YOUR GOAL — Below is a listing; print exactly its lines from the one containing "निर्जीवन बीमा कम्पनीहरुको" down to the one containing "2、在球體選擇界面,看到黑色", both inclusive, with every picture left out.

DATA —
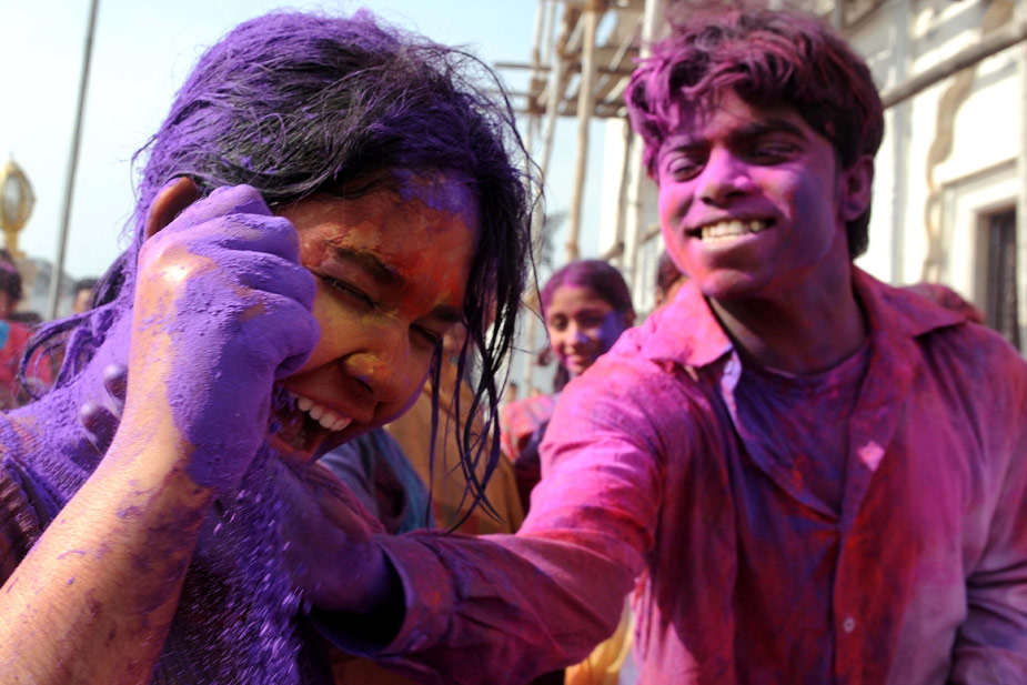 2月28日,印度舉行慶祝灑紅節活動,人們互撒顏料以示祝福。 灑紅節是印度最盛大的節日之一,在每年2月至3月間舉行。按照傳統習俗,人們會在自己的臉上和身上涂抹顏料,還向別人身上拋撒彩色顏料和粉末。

...

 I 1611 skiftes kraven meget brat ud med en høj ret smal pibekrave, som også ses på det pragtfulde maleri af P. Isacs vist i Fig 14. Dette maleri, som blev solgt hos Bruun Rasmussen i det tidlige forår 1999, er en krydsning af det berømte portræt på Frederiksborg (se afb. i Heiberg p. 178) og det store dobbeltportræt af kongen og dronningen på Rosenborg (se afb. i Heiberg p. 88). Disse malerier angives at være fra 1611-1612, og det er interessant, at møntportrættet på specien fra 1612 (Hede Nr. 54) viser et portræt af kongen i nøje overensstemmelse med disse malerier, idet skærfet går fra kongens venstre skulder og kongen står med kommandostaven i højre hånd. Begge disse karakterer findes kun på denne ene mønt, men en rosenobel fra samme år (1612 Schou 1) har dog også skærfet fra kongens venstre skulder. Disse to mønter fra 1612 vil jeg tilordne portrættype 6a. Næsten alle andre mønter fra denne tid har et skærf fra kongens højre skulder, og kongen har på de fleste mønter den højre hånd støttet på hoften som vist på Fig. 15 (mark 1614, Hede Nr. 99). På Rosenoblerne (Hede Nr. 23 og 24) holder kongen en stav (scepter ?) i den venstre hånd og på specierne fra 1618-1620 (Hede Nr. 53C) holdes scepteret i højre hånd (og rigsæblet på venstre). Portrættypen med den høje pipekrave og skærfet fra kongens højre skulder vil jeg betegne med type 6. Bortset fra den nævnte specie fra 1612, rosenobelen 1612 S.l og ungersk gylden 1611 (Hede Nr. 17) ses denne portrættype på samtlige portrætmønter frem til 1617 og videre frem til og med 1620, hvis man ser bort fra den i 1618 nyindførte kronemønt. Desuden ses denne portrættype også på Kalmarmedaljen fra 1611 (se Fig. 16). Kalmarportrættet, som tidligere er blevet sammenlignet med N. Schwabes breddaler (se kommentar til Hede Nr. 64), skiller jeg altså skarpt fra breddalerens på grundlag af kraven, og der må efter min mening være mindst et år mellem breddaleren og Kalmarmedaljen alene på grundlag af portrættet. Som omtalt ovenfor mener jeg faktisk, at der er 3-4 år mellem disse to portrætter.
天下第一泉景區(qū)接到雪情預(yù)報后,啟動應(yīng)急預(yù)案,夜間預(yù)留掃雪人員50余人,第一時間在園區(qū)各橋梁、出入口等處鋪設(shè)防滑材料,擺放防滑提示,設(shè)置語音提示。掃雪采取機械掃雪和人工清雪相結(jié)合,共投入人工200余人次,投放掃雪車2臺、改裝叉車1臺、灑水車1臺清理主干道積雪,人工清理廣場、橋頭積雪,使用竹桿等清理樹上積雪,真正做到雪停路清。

--

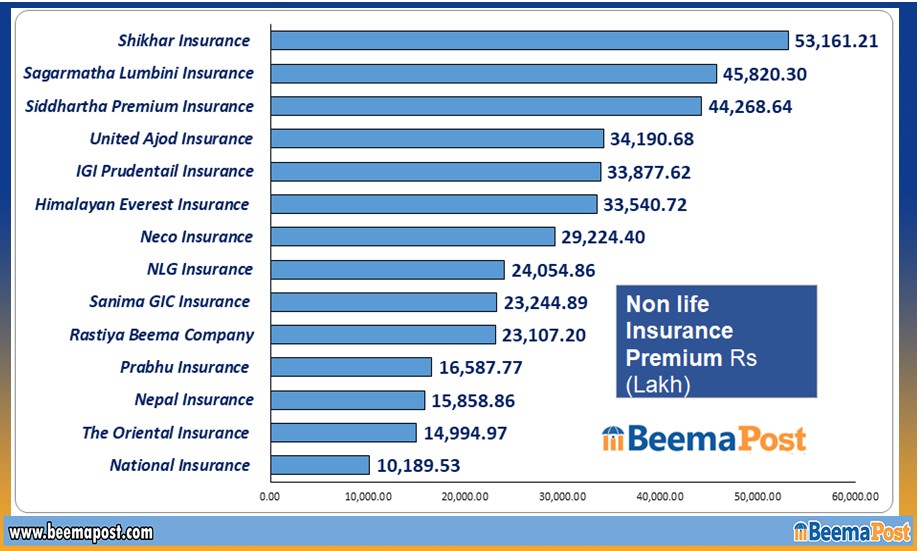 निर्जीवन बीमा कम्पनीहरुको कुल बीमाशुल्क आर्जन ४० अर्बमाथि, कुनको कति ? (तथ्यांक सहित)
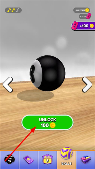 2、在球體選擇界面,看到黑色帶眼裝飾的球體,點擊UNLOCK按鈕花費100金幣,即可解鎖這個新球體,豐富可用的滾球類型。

ANSWER TO THIS PROBLEM —
 निर्जीवन बीमा कम्पनीहरुको कुल बीमाशुल्क आर्जन ४० अर्बमाथि, कुनको कति ? (तथ्यांक सहित)
 2、在球體選擇界面,看到黑色帶眼裝飾的球體,點擊UNLOCK按鈕花費100金幣,即可解鎖這個新球體,豐富可用的滾球類型。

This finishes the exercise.